Question

Solve the equation
`(3 y^(4)-5 x^(2) y^(2) -6 x^(4) ) dx-(4x y^(3)) dy=0` leaving your answer in implicit form.

Answer 1

`(3y^4-5x^2y^2-6x^4)\,\mathrm dx-4xy^3\,\mathrm dy=0\iff(\mathrm dy)/(\mathrm dx)=(3y^4-5x^2y^2-6x^4)/(4xy^3)`

Multiplying both the numerator and denominator by
`\frac1{x^4}`, we get


`(\mathrm dy)/(\mathrm dx)=(4\left(\frac yx\right)^4-5\left(\frac yx\right)^2-6)/(4\left(\frac yx\right)^3)`

Since the derivative can be expressed as a function of
`\frac yx`, the ODE is homogeneous.
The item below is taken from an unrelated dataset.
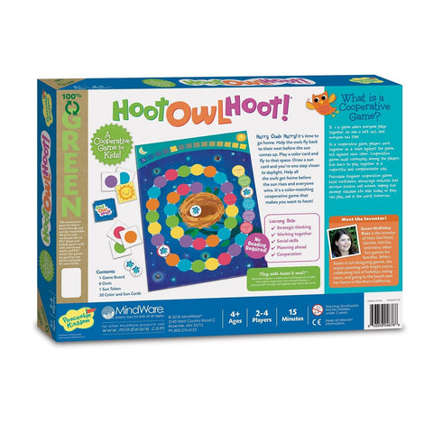Continutul jocului include: 1 plansa de joc, 6 jetoane bufnita, 1 simbol soare, 14 cartonase soare si 36 cartonase culoare. Este un joc premiat, avand distinctii precum Disney FamilyFun Toy of the Year Award si Dr. Toy 100 Best Childrens Products Award.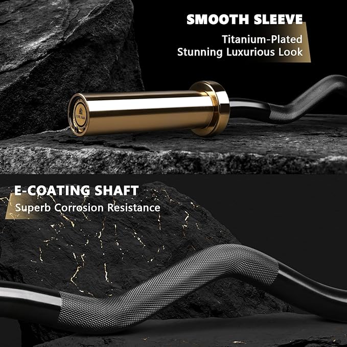 - Titanium-Plated Sleeves: Beyond its enchanting aesthetics, our curl bar delivers exceptional performance. The titanium-plated sleeves provides outstanding durability and rust resistance. This ensures that the bar maintains its stunning appearance even with rigorous use, making it a reliable companion for your fitness journey. Moreover, unlike grooved sleeves that makes a zip noise when loading plates, the sleeves on this bar are very smooth, providing an easy and quiet plate loading.

This means substituting
`y=xv` will be an effective approach. Indeed, we have
`(\mathrm dy)/(\mathrm dx)=x(\mathrm dv)/(\mathrm dx)+v`, and the ODE can be rewritten as the separable equation


`x(\mathrm dv)/(\mathrm dx)+v=(3v^4-5v^2-6)/(4v^3)`

`x(\mathrm dv)/(\mathrm dx)=-(v^4+5v^2+6)/(4v^3)`

`(4v^3)/(v^4+5v^2+6)\,\mathrm dv=-\frac{\mathrm dx}x`

`\displaystyle\int(4v^3)/(v^4+5v^2+6)\,\mathrm dv=-\int\frac{\mathrm dx}x`

`\displaystyle\int\left((12v)/(v^2+3)-(8v)/(v^2+2)\right)\,\mathrm dv=-\ln|x|+C`

`6\ln(v^2+3)-4\ln(v^2+2)=-\ln|x|+C`

`\ln((v^2+3)^6)/((v^2+2)^4)=-\ln x+C`

`((v^2+3)^6)/((v^2+2)^4)=\frac Cx`


`(\left((y^2)/(x^2)+3\right)^6)/(\left((y^2)/(x^2)+2\right)^4)=\frac Cx`

`((y^2+3x^2)^6)/(x^4(y^2+2x^2)^4)=\frac Cx`

`((y^2+3x^2)^6)/((y^2+2x^2)^4)=Cx^3`

You're welcome to unpack this further, but I would stop here.